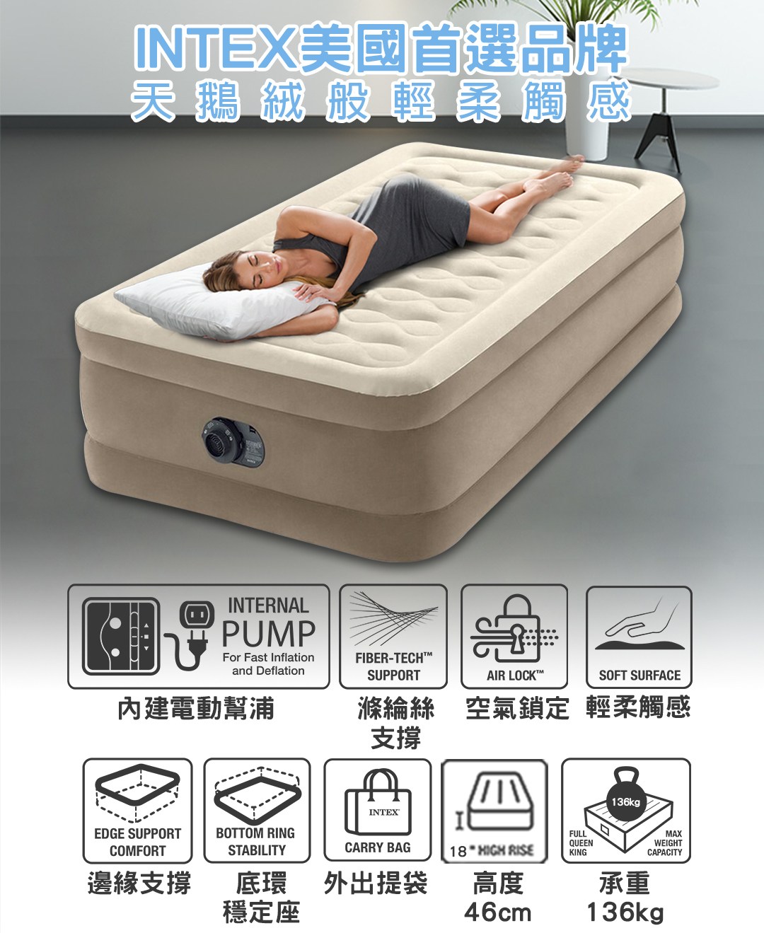 INTEX超厚絨豪華內建幫浦雙人加大充氣床-寬152cm(64427)
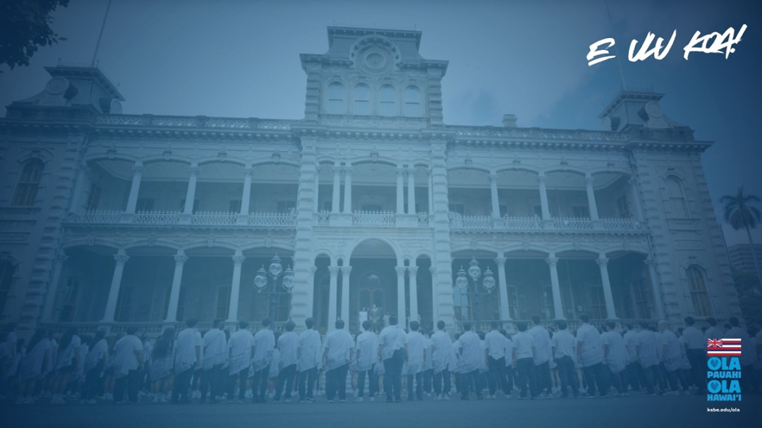 Today, as our brothers and sisters, fellow kumu and haumāna, gather on the grounds of Hale Aliʻi ʻo ʻIolani, we from this mokupuni—the source of Kamehameha’s lineage and origin of his kingdom—will lend our spirits in support and pour our aloha for our lāhui into every opportunity given to learn and deepen our understanding of our unique purpose. From this, as from all challenges, we will emerge stronger as a kauhale, more grounded in who we are, and more resolute in defending the ea of our lāhui today.
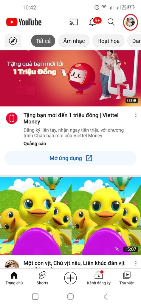 Bước 2: Nhấn vào biểu tượng avatar góc phải trên cùng của màn hình.
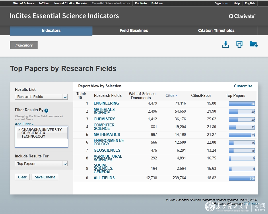 1月8日,科睿唯安(Clarivate Analytics)发布了最新ESI(Essential Science Indicators,基本科学指标数据库)数据,雷竞技官网地球科学学科成功进入ESI全球排名前1%行列,这标志着雷竞技官网在相关领域研究水平和国际影响力达到新的高度。截至目前,雷竞技官网共有工程学、材料科学、计算机科学、化学、数学、环境与生态学、农业科学、社会科学总论、地球科学9个学科进入ESI全球排名前1%,入选总数位居省属高校第2。其中,工程学学科已于2025年9月突破进入全球排名前1‰。
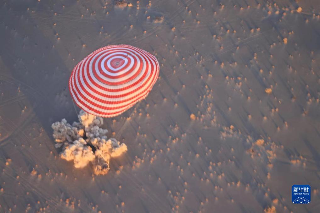 10月31日,神舟十六号载人飞船返回舱在东风着陆场成功着陆。
--------------------
* **WORK ORDER**
After locating the line that holds "Bước 2: Nhấn", output exactly the lines from it through the last line of the material above, inclusive, without pictures.

* **TASK RESULT**
 Bước 2: Nhấn vào biểu tượng avatar góc phải trên cùng của màn hình.
 1月8日,科睿唯安(Clarivate Analytics)发布了最新ESI(Essential Science Indicators,基本科学指标数据库)数据,雷竞技官网地球科学学科成功进入ESI全球排名前1%行列,这标志着雷竞技官网在相关领域研究水平和国际影响力达到新的高度。截至目前,雷竞技官网共有工程学、材料科学、计算机科学、化学、数学、环境与生态学、农业科学、社会科学总论、地球科学9个学科进入ESI全球排名前1%,入选总数位居省属高校第2。其中,工程学学科已于2025年9月突破进入全球排名前1‰。
 10月31日,神舟十六号载人飞船返回舱在东风着陆场成功着陆。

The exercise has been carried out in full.